Asthma refers to a medical condition that affects the lungs. Among children, asthma is a long-term condition that can also be experienced by adults. Studies show that asthma is a specific chronic disease among children as well. Asthma is the leading chronic illness, and more efforts should be directed to preventing the development of chronic diseases. Asthma is the leading cause of disability among young children. 

Cancer

Individuals are encouraged to participate in regular cancer screening for cervical, colorectal cancers, and breast is vital to help detect the condition early enough for treatment. Research reveals that the number of women with disabilities being screened for cervical and breast cancer is below the set regulations. 

Women with disabilities raise several concerns as to why they are less likely to go for screening. The concerns raised by the women include inaccessible facilities and equipment. 

Diabetes

Diabetes is a chronic and dangerous disease that can be managed with the right medication and care; a person can live a productive and impactful life. Diabetes affects the body's glucose levels affecting an individual's ability to perform certain activities.
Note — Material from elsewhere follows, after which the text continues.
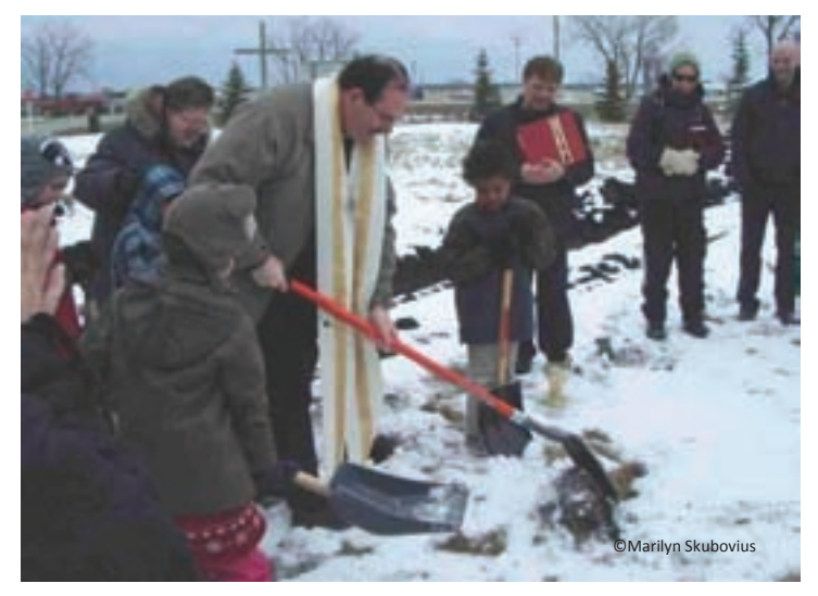
Sod turning ceremony for the new church in Morden

In the united states, people with disabilities tend to report a higher rate than the United States' general population. 

Learning Disorder

Learning disorders refer to an individual's ability to comprehend or use written and spoken language or operate arithmetic calculations and focus attention. It is common for people to experience learning disabilities throughout their life and sometimes, some people may have overlapping disabilities. Individuals may have unique or specific learning disabilities that directly affect their quality of life.

Limb Loss

This refers to the loss of either an arm or leg. It can result from diabetes, vascular disease, cancer, trauma, or infection from other diseases. Notably, some people are born without limbs; others lose them during their life either through accident or due to illness. Individuals are provided with assistive equipment to help them move around depending on the lost limb. 

More often than not, limb loss is an outcome of health complications and not the cause of the problems. In most cases, loss of a limb can decrease physical activity, rise in skin-related infections from using a prosthesis, and chronic phantom pain. People with disabilities who experience limb loss are encouraged to try therapy to nurse them to recovery and address their mental health. 

People with disabilities are advised to routinely seek medical examination to help them keep track of their health and live a productive life.